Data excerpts
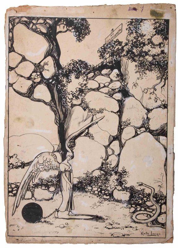 Gabriele Galantara, The Angel, Ink & White Lead Drawing, Early 20th Century
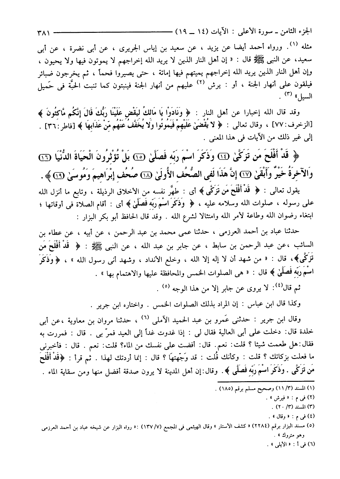 حَدَّثَنَا عَبَّادُ بْنُ أَحْمَدَ الْعَرْزَمِيُّ، حَدَّثَنَا عَمِّي مُحَمَّدِ بْنِ عَبْدِ الرَّحْمَنِ، عَنْ أَبِيهِ، عَنْ عَطَاءُ بْنُ السَّائِبِ، عَنْ عَبْدِ الرَّحْمَنِ بْنِ سَابِطٍ، عَنْ جَابِرِ بْنِ عَبْدِ اللَّهِ، عَنِ النَّبِيِّ صَلَّى اللَّهُ عَلَيْهِ وَسَلَّمَ: {قَدْ أَفْلَحَ مَنْ تَزَكَّى} قَالَ: "مَنْ شَهِدَ أَنْ لَا إِلَهَ إِلَّا اللَّهُ، وَخَلَعَ الْأَنْدَادَ، وَشَهِدَ أَنِّي رَسُولُ اللَّهِ"، {وَذَكَرَ اسْمَ رَبِّهِ فَصَلَّى} قَالَ: "هِيَ الصَّلَوَاتُ الْخَمْسُ وَالْمُحَافَظَةُ عَلَيْهَا وَالِاهْتِمَامُ بِهَا".
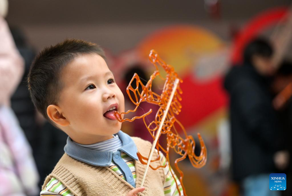 TIANJIN, 24 enero, 2026 (Xinhua) -- Un niño prueba una pintura con azúcar durante una feria del templo para niños, en Tianjin, en el norte de China, el 24 de enero de 2026. Una feria del templo especial diseñada para niños comenzó el sábado en Tianjin, en el norte de China. Multitudes de padres y niños se reunieron en la feria para experimentar el ambiente festivo previo al Festival de la Primavera. El evento presenta una variedad de actividades incluyendo la elaboración de artesanía tradicional, degustación de comida al estilo Tianjin y juegos interactivos. (Xinhua/Zhao Zishuo)
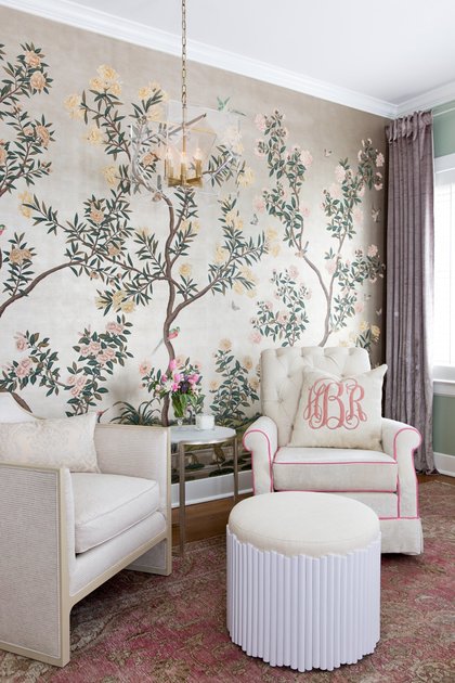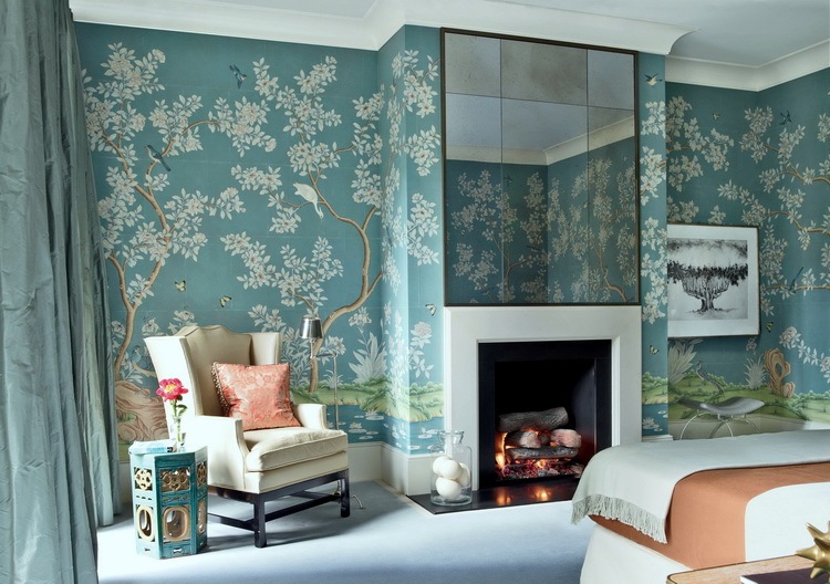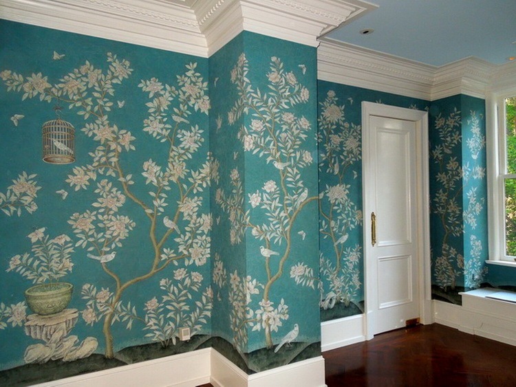 真丝手绘墙纸工笔花鸟画壁纸图片
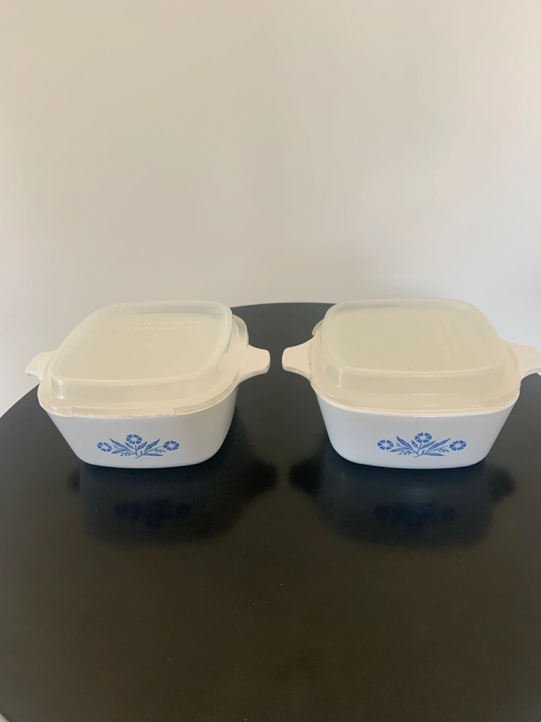 70Selling two Pyrex casserole dishes with lids. They feature a lovely blue floral design. Perfect for baking and serving!
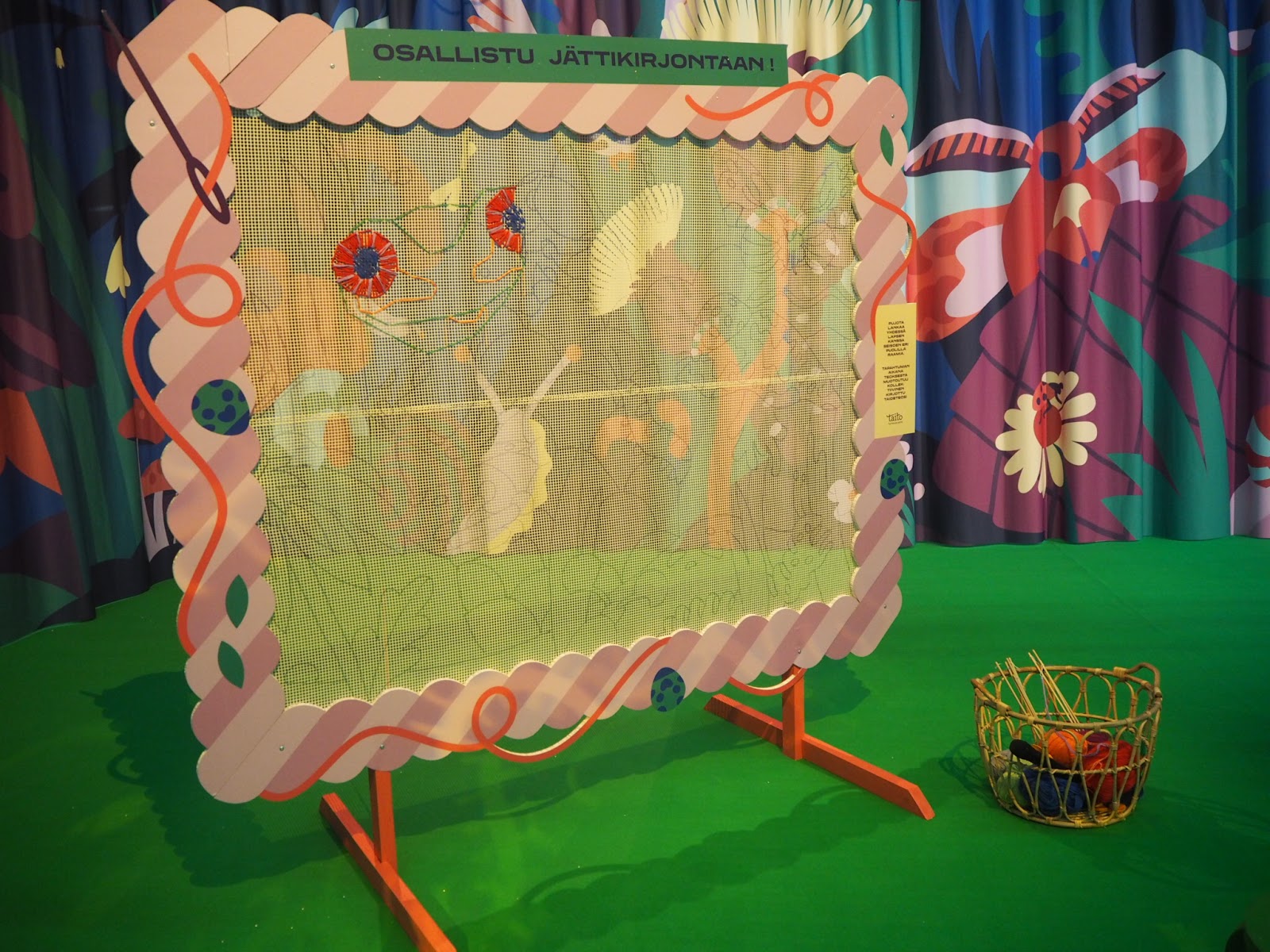 Me katselimme Vivian kanssa hetken kirjaa ötököistä, mutta ei se kovin kauan jaksanut kiinnostaa. Alueella oli myös jättikirjontapiste, mutta sekin oli meille hieman liian vaativaa. Isomman lapsen kanssa se olisi ehkä toiminutkin.

__Task statement__: Each record is to be written out exactly. No picture goes in.

__Task answer__:
 Gabriele Galantara, The Angel, Ink & White Lead Drawing, Early 20th Century
 حَدَّثَنَا عَبَّادُ بْنُ أَحْمَدَ الْعَرْزَمِيُّ، حَدَّثَنَا عَمِّي مُحَمَّدِ بْنِ عَبْدِ الرَّحْمَنِ، عَنْ أَبِيهِ، عَنْ عَطَاءُ بْنُ السَّائِبِ، عَنْ عَبْدِ الرَّحْمَنِ بْنِ سَابِطٍ، عَنْ جَابِرِ بْنِ عَبْدِ اللَّهِ، عَنِ النَّبِيِّ صَلَّى اللَّهُ عَلَيْهِ وَسَلَّمَ: {قَدْ أَفْلَحَ مَنْ تَزَكَّى} قَالَ: "مَنْ شَهِدَ أَنْ لَا إِلَهَ إِلَّا اللَّهُ، وَخَلَعَ الْأَنْدَادَ، وَشَهِدَ أَنِّي رَسُولُ اللَّهِ"، {وَذَكَرَ اسْمَ رَبِّهِ فَصَلَّى} قَالَ: "هِيَ الصَّلَوَاتُ الْخَمْسُ وَالْمُحَافَظَةُ عَلَيْهَا وَالِاهْتِمَامُ بِهَا".
 TIANJIN, 24 enero, 2026 (Xinhua) -- Un niño prueba una pintura con azúcar durante una feria del templo para niños, en Tianjin, en el norte de China, el 24 de enero de 2026. Una feria del templo especial diseñada para niños comenzó el sábado en Tianjin, en el norte de China. Multitudes de padres y niños se reunieron en la feria para experimentar el ambiente festivo previo al Festival de la Primavera. El evento presenta una variedad de actividades incluyendo la elaboración de artesanía tradicional, degustación de comida al estilo Tianjin y juegos interactivos. (Xinhua/Zhao Zishuo)
 真丝手绘墙纸工笔花鸟画壁纸图片
 70Selling two Pyrex casserole dishes with lids. They feature a lovely blue floral design. Perfect for baking and serving!
 Me katselimme Vivian kanssa hetken kirjaa ötököistä, mutta ei se kovin kauan jaksanut kiinnostaa. Alueella oli myös jättikirjontapiste, mutta sekin oli meille hieman liian vaativaa. Isomman lapsen kanssa se olisi ehkä toiminutkin.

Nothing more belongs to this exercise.